In his book De Kom not only tells about the poor living conditions and torture that slaves were forced to endure on the plantations in Suriname in the past, but also shows how the transition slowly took place to the form of slavery in which we still live today. He had already realized back then that the people had been misled, and that slavery was simply being continued in a different form by the colonialists. That is why he wrote: “[…] even though every year on July 1st, the day of liberation is celebrated in Suriname with display of lots of joy. Let them show us that the Surinamese people are free in the true sense of the word, that they are no longer forced to sell their labor, albeit in a different way than during the era of slavery.”

Today’s slaves (‘citizens’) believe that they are free and that they work for themselves, but still have to hand over a large portion of the fruits of their labour under threats of violence (‘taxation’) to the overseers (‘commissioners,’ ‘ministers,’ ‘president’ etc.) in the criminal government. In his book De Kom discusses some examples of how the extortion and abuse of slaves simply continued through ‘taxation’ in “the new order of colonial society,” where the individual plantations were eventually consolidated in the gigantic plantation Suriname. He also describes how the slaves were abused and punished when they did not allow themselves to be extorted and robbed by the tax collectors. We are still trapped in this system of slavery.

If today you refuse to provide forced labor to the criminal government and refuse to let them extort and rob you, you will soon discover how ‘free’ and ‘independent’ you really are on the plantation Suriname. After you are first terrorized with letters (attacks on your [right to] life) from the tax ‘service’, you will eventually be robbed of your possessions and may even end up in a jail cell. Not much of a difference compared to the slaves of the past. On top of that, today’s overseers have the red carpet rolled out in front of them, just like in the past before the king or queen, and let themselves be addressed with titles like “His/Her Excellency,” all while being responsible for, and living off of, large-scale extortion and robbery and thus actually being criminals. The white colonialists on the administration of the plantation have simply been replaced by coloureds who aren’t any better.

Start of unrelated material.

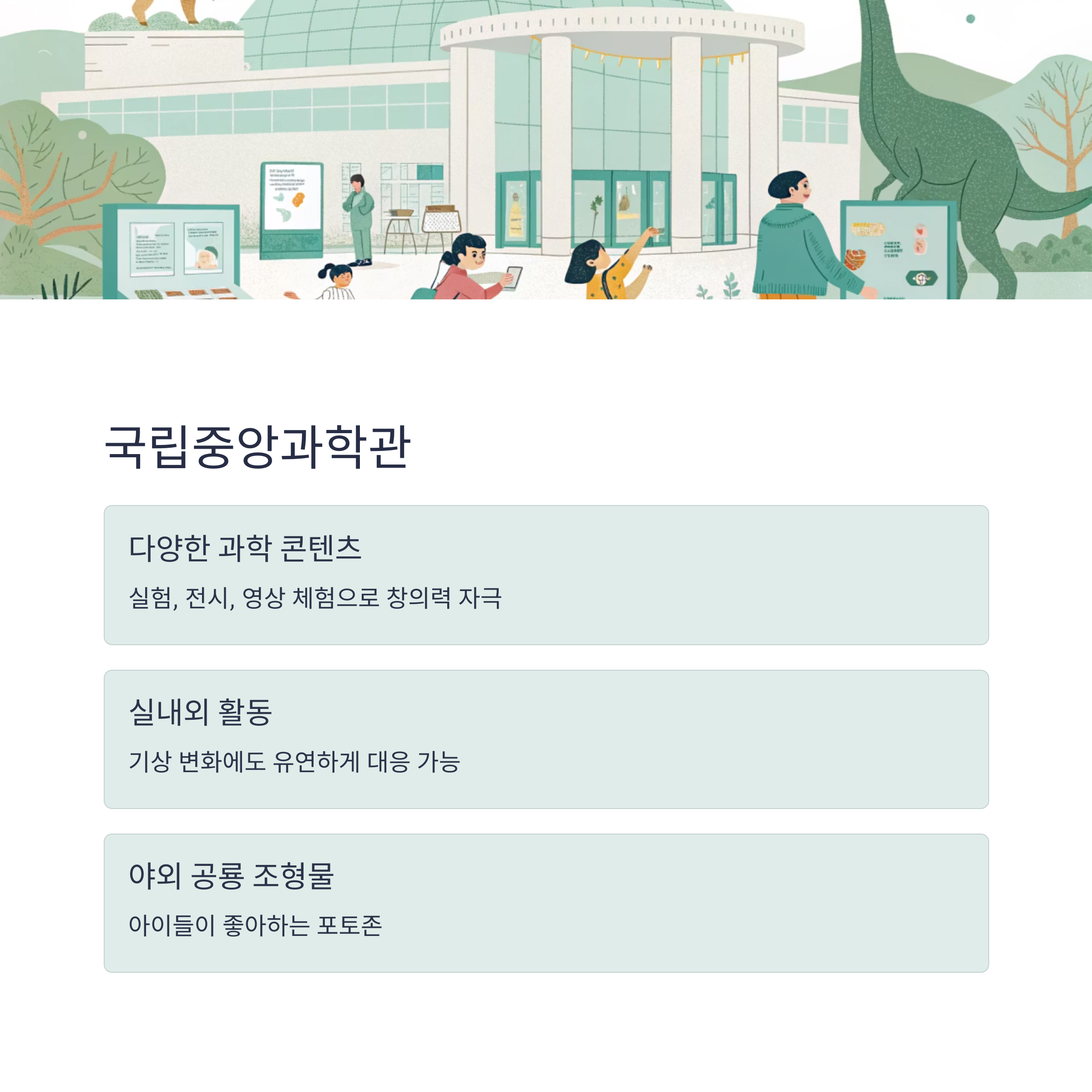 | 야외 공간 | 공룡 조형물, 기계체험 | 포토존 풍부 |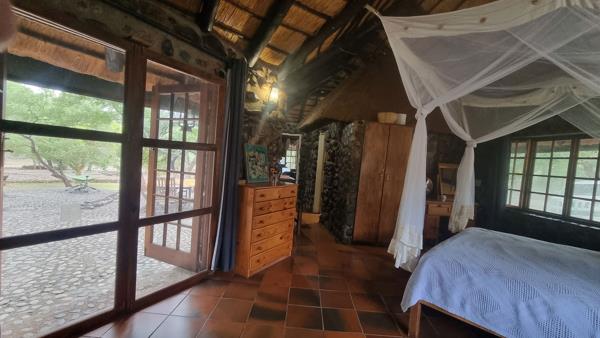 The homestead features two beautifully crafted cottages built from natural river stone and topped with thatched rooves, seamlessly blending into the landscape. Each cottage offers two comfortable bedrooms and a shared bathroom, perfect for family getaways or guest accommodation. One of the cottages boasts a spacious open-plan lounge and kitchen, ideal for relaxed, communal living.

In a previous article on Starnieuws, I had already warned that regardless of which political parties would win on May 25th 2020, the people would once again turn out to be the big losers. That is exactly what we see today. The new overseers in the criminal government have started to extort the slaves much more intensively through ‘taxation’ (and there’s more to come). Where “the savior” before the elections of May 25th 2020 had indicated that “they would fix everything” and that it would be the criminal government that would have to make sacrifices, and not the slave population, we see that the slave population has been fooled in the same way for the umpteenth time in the last 100 years. Indeed, as Edward Belfort said in a recent interview on Apintie, the current criminal government is even 4 times worse than the previous one.

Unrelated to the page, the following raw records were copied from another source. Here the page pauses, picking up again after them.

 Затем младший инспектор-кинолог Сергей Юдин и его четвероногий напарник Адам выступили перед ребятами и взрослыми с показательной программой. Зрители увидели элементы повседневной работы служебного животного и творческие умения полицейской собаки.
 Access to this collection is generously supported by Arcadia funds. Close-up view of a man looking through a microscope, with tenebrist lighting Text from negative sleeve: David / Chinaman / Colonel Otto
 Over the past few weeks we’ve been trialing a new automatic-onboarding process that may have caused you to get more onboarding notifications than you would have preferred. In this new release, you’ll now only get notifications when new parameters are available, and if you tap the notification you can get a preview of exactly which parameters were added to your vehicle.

What would the reaction have been of the Maroons of the past if someone had told them that their descendants 200 years later, would oppress their own people exactly like the white masters of that time? They probably wouldn’t want to believe that person and would probably even declare them crazy. Today, descendants of those Maroons are on the administration of this system of slavery against which their ancestors fought in the past, and they participate just as much in the large-scale oppression and abuse, while also being proud of it! And the few who dare to speak the truth, and see the reality for what it is, are forced “into a corner” and end up in the Emergency Room.

We all want to have progress in our lives and want to look forward to better times. Unfortunately, this will only be possible in a sustainable way when we have the courage to acknowledge and accept the truth, and more importantly, act in accordance with it. Exactly like how Anton de Kom during his time, no matter how difficult and painful it was, and no matter how politically incorrect and dangerous it was, had the courage to publish his vision of the reality of the time in his book.